• TASK DETAILS:
Copy exactly the lines from the line holding "-Take samosa sheet" through the end of the material, and no others; pictures stay out.

== == ==

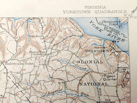 Antique Yorktown, Virginia 1907 US Geological Survey Topographic Map – Isle of Wight, Warwick, James City, York, Surry County, Jamestown, VA
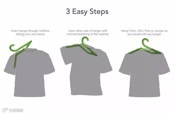 大家挂衣服的时候应该都遭遇过T恤的领子必须得用衣架硬挂进去,这样会撑大衣服的领子,这款衣架就可以很轻易的将衣服挂进去。
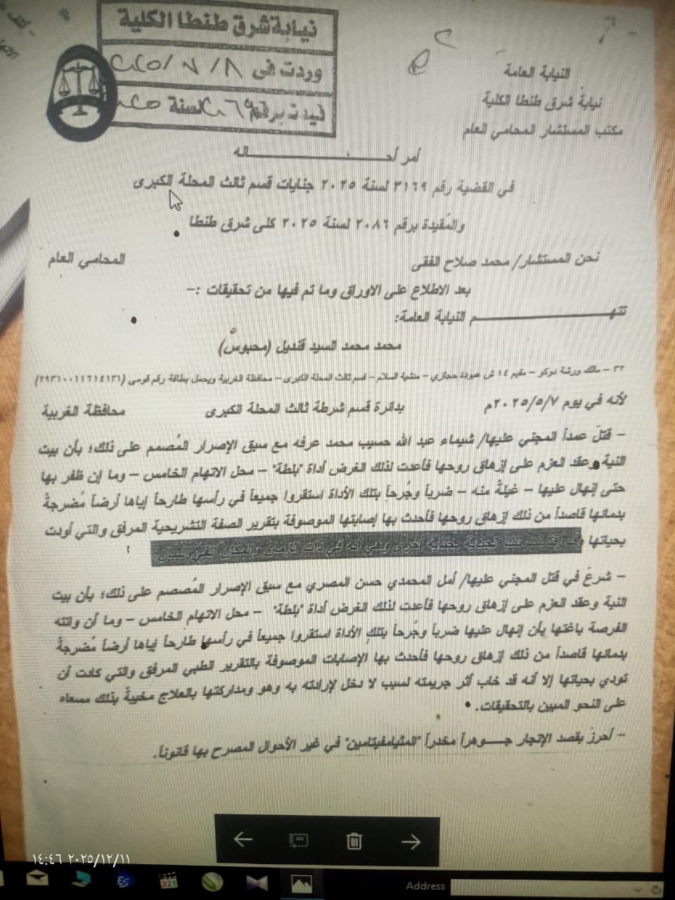 جنايات المحلة : متعاطى ' للشابو ' .. احالة اوراق الزوج المتهم بقتل زوجته واصابة والدته للمفتى
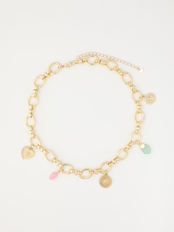 Este collar de Lefties en color dorado con abalorios combinados y cadena gruesa de estilo gargantilla es el accesorio perfecto para arreglar cualquier look y darle un toque elegante. Su color oro está tan bien conseguido que nadie notará la diferencia. Su precio es de tan solo 5,99 euros. El material está compuesto principalmente por hierro, aunque también tiene un porcentaje de zinc y plástico acrílico. Con un buen cuidado y sin exponerlo al agua directamente conseguirás mantenerlo en perfecto estado. A continuación te mostramos otros accesorios increíbles.
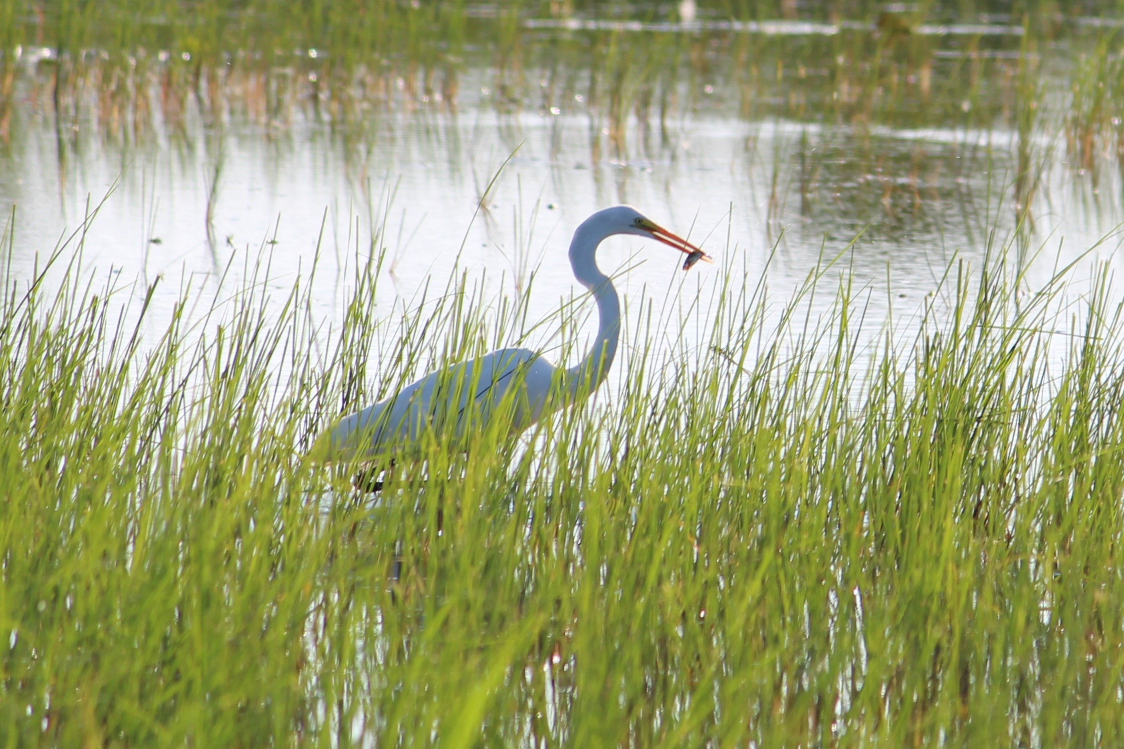A Great Egret (Ardea alba) feasting on fish in Long Point in July, 2024.
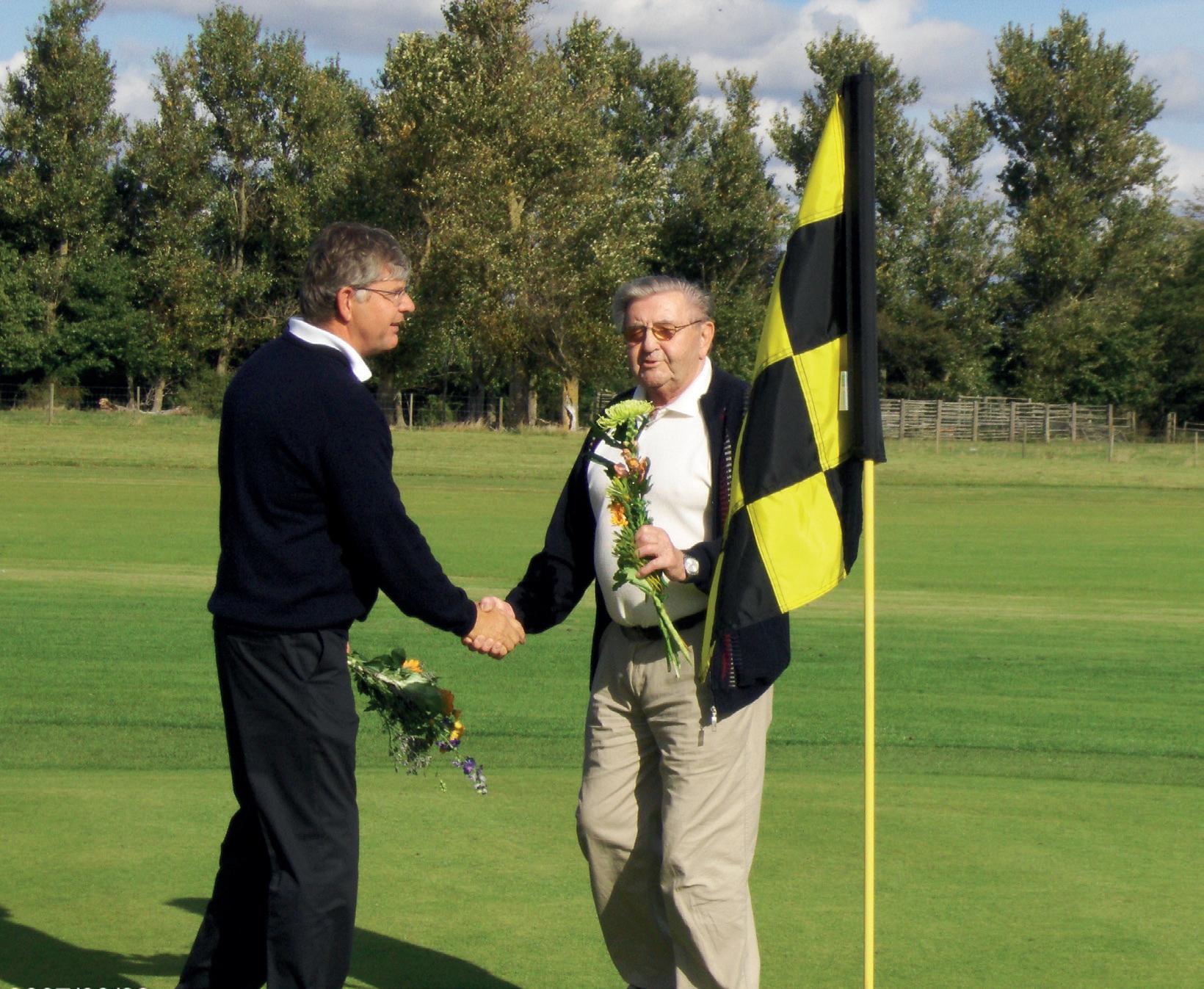När klubben arrangerar tävlingar är Klas och Lars självskrivna som funktionärer. Ofta som starters: – Vi skickar iväg dem när det är dags. Det har vi gjort så länge klubben har arrangerat tävlingar. Vi går också ut och lagar fairway när det behövs samt samlar bollar på vår driving range. Kan man hjälpa till så ska man!
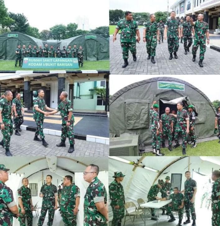 Pangdam I/Bukit Barisan, Mayjen TNI Hendy Antariksa meninjau langsung kegiatan gelar rumah sakit lapangan (Rumkitlap) yang dilaksanakan oleh Kesehatan Kodam I/Bukit Barisan (Kesdam I/BB) di Lapangan Hijau Makodam I/Bukit Barisan, Jumat (27/03/2026).
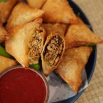 -Take samosa sheet & make pocket,add chicken stuffing in the center,stuffed green chilli,roll into the shape of samosa & seal corners with flour slurry (makes 16-18).
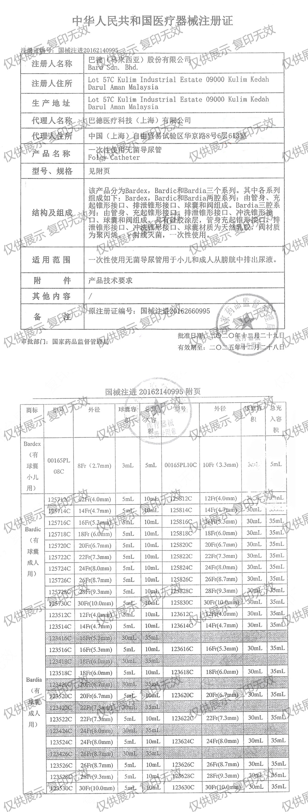 適用范圍:一次性使用無菌導(dǎo)尿管用于小兒和成人從膀胱中排出尿液。
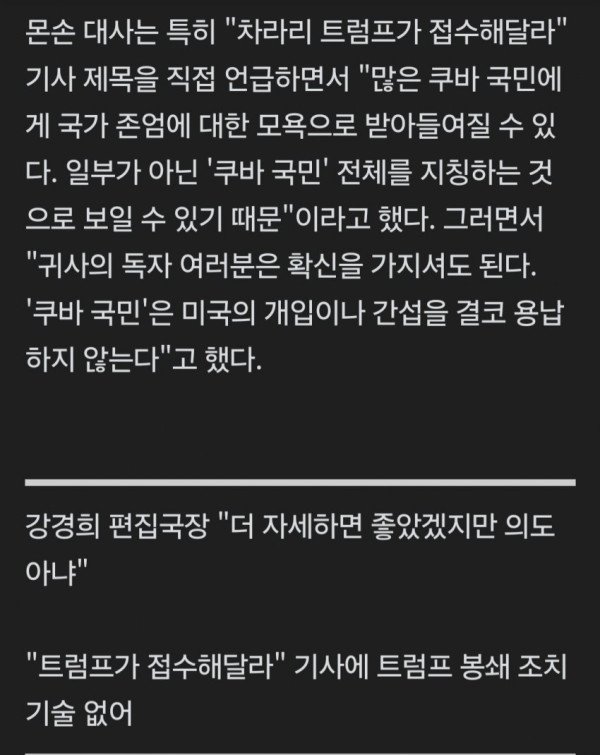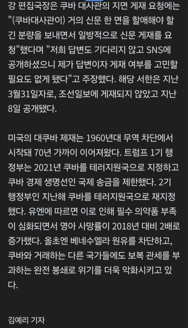 (스압)쿠바대사 "조선일보 보도, 국민에 대한 모욕이다"
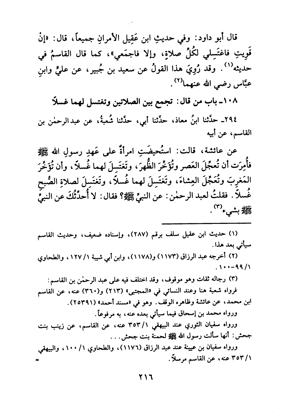 عن عائشة، قالت: استُحيضَتِ امرأة على عَهدِ رسولِ الله- صلى الله عليه وسلم - فأُمِرَت أن تُعجِّلَ العَصر وتُؤَخِّرَ الظُّهرَ، وتَغتَسِلَ لهما غُسلاً، وأن تُؤَخِّرَ المَغرِبَ وتُعَجِّلَ العِشاء, وتَغتَسِلَ لهما غُسلاً، وتَغتَسِلَ لصلاةِ الصُّبحِ غُسلاً. فقلتُ لعبد الرحمن: عن النبيِّ - صلى الله عليه وسلم -؟ فقال: لا أُحدثُكَ عن النبيِّ - صلى الله عليه وسلم - بشيء (¬٣).

== == ==

• EXERCISE RESPONSE:
 -Take samosa sheet & make pocket,add chicken stuffing in the center,stuffed green chilli,roll into the shape of samosa & seal corners with flour slurry (makes 16-18).
 適用范圍:一次性使用無菌導(dǎo)尿管用于小兒和成人從膀胱中排出尿液。
 (스압)쿠바대사 "조선일보 보도, 국민에 대한 모욕이다"
 عن عائشة، قالت: استُحيضَتِ امرأة على عَهدِ رسولِ الله- صلى الله عليه وسلم - فأُمِرَت أن تُعجِّلَ العَصر وتُؤَخِّرَ الظُّهرَ، وتَغتَسِلَ لهما غُسلاً، وأن تُؤَخِّرَ المَغرِبَ وتُعَجِّلَ العِشاء, وتَغتَسِلَ لهما غُسلاً، وتَغتَسِلَ لصلاةِ الصُّبحِ غُسلاً. فقلتُ لعبد الرحمن: عن النبيِّ - صلى الله عليه وسلم -؟ فقال: لا أُحدثُكَ عن النبيِّ - صلى الله عليه وسلم - بشيء (¬٣).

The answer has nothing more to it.